Borrowing costs

These businesses need to worry about rising borrowing costs

The era of cheap money is coming to an end, creating a potential problem for some companies that have accumulated a lot of debt.

Short-term borrowing costs have skyrocketed this year, in part because of the Federal Reserve’s recent rate hikes.

It’s a headache for businesses that need new loans, as well as businesses like Campbell Soup (CPB) and Colgate-Palmolive (CL) who have contracted variable rate debt, where interest charges rise as rates rise.

Interest on this debt is often tied to three-month LIBOR, a benchmark lending rate that has doubled in the past year. It recently hit the highest levels in almost a decade.

“The rise in LIBOR is really biting the private sector,” said David Kotok, founder and chief investment officer at Cumberland Associates. “The free ride of the credit system is over. ”

Wall Street appears to be punishing companies with high levels of variable rate debt.

Shares of S&P 500 companies with at least 5% of their debt in floating rate bonds fell 4% in the first quarter, according to a Goldman Sachs study released Monday. This exceeds the 1% drop in the S&P 500.

The group of 50 stocks, which excludes highly leveraged financials, real estate and telecommunications companies, is trading at a valuation 10% lower than the median S&P 500 stock, according to the report.

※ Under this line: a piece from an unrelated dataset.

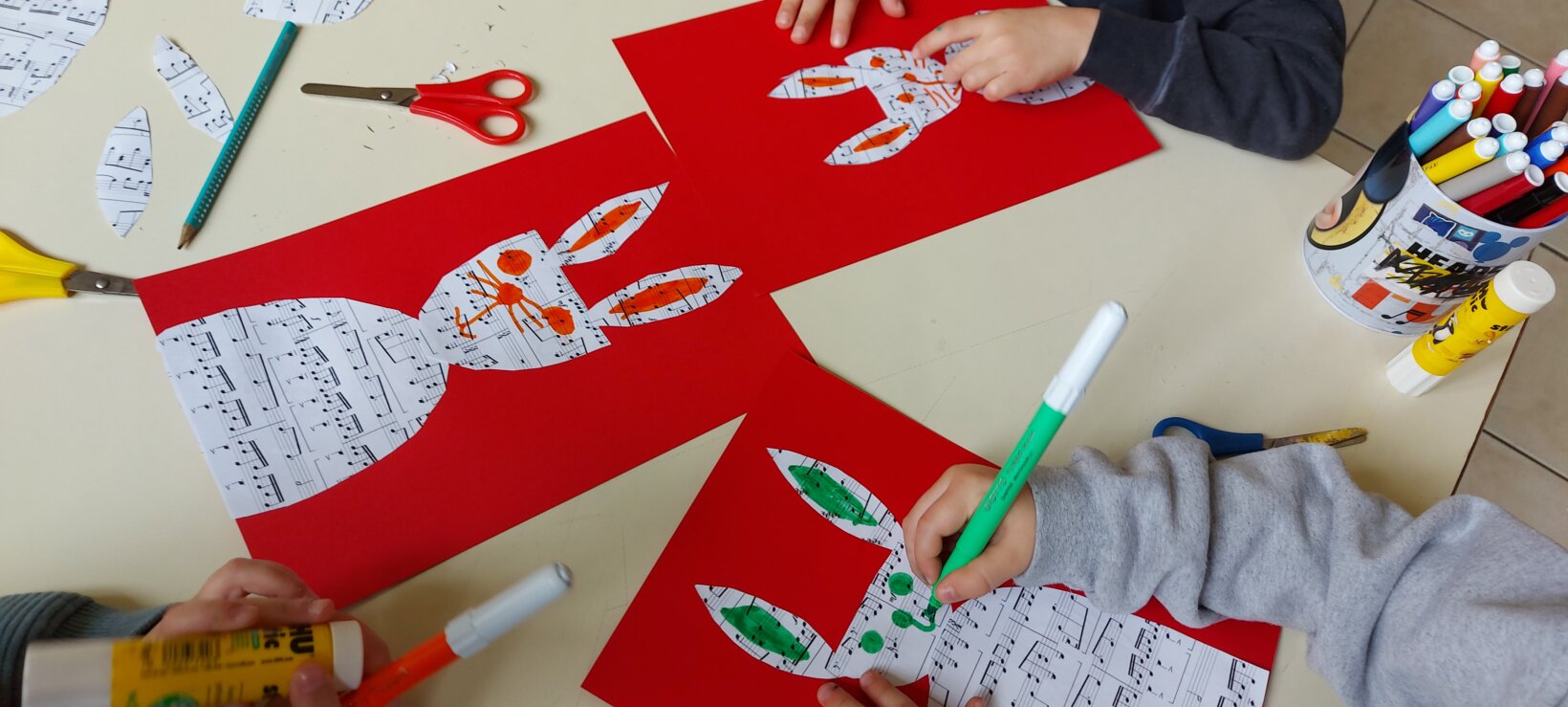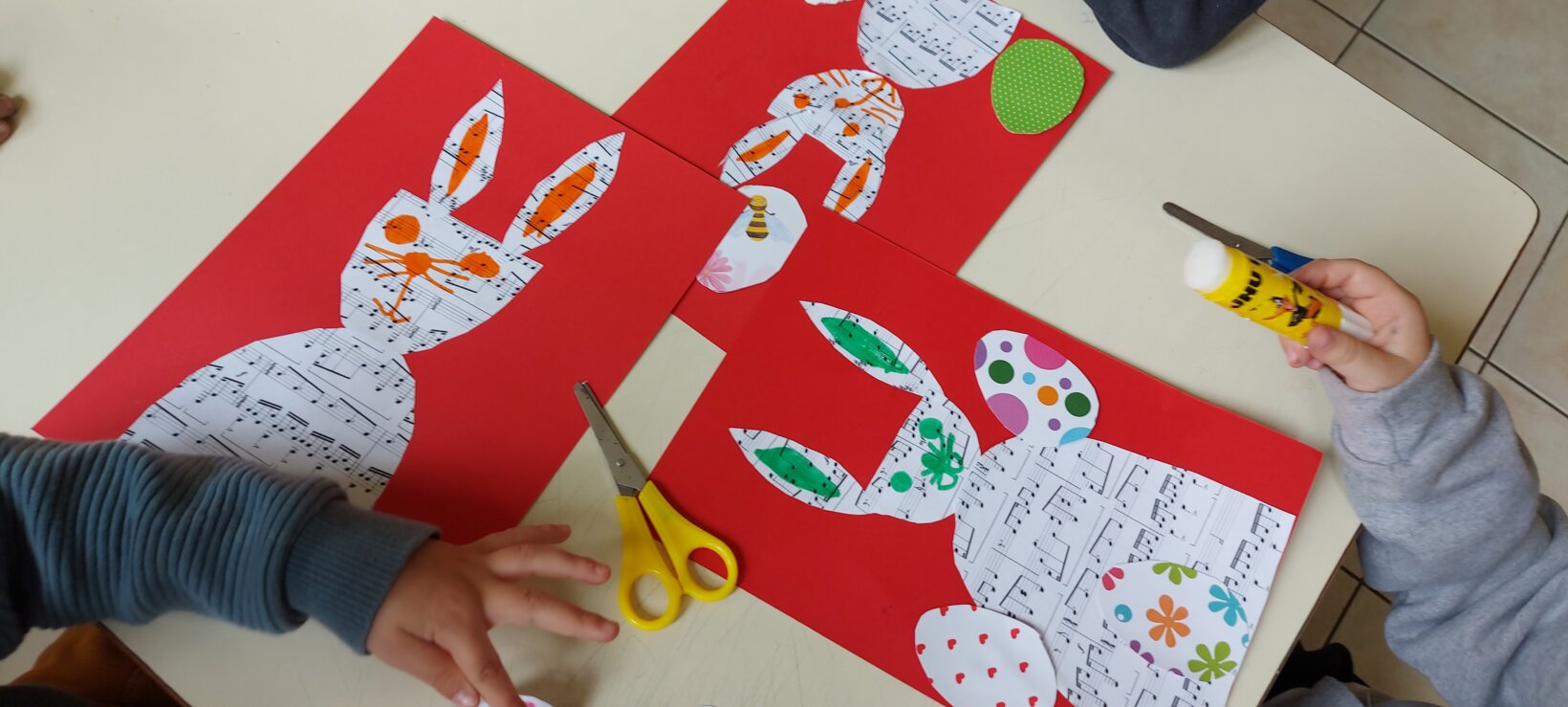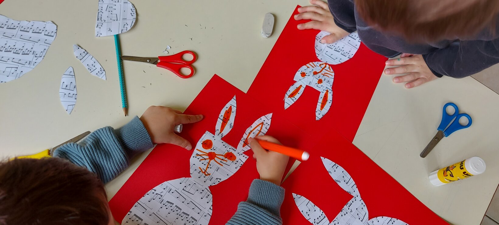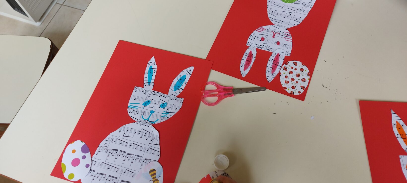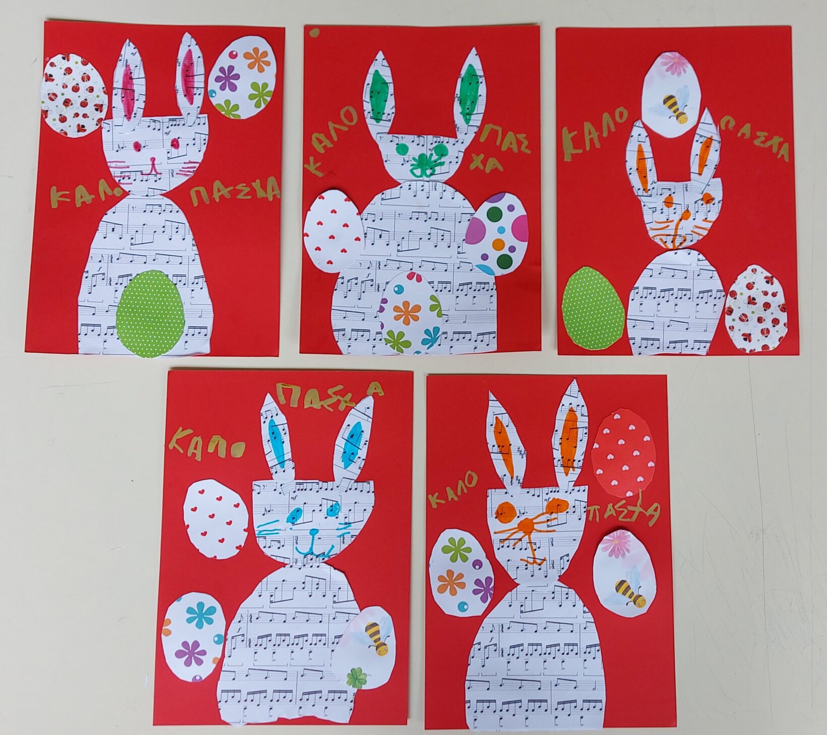 Τα παιδιά σχεδιάσαν κουνελάκια πάνω σε παρτιτούρες και τα έκοψαν. Σχεδίασαν το πρόσωπο με χρώμα της επιλογής τους. Στη συνέχεια έκοψαν αυγά με σχέδια από χαρτόνια της επιλογής τους,τα κόλλησαν όπως ήθελαν κι έγραψαν Καλό Πάσχα!

short-term loan jumps graph

Related: Problem With Rising Rates: Businesses Got Into Debt

Which companies are nervously watching the rising costs of borrowing? Stanley Black & Decker (SWJ), Campbell Soup and Colgate-Palmolive all have at least 20% of their total debt in floating rate bonds, according to Goldman Sachs. Other large S&P 500 companies with relatively high levels of floating rate debt include General Electric (GE), Conagra (CAG) and Textron (SMS).

“These stocks should struggle if borrowing costs continue to rise,” Ben Snider, analyst at Goldman Sachs, wrote in the report. He noted that the stock prices of these companies “reflected” fluctuations in short-term borrowing costs.

It’s not that Wall Street is worried that these companies won’t be able to repay their debt. This is because their interest charges are rising from historically low levels, reducing overall profits.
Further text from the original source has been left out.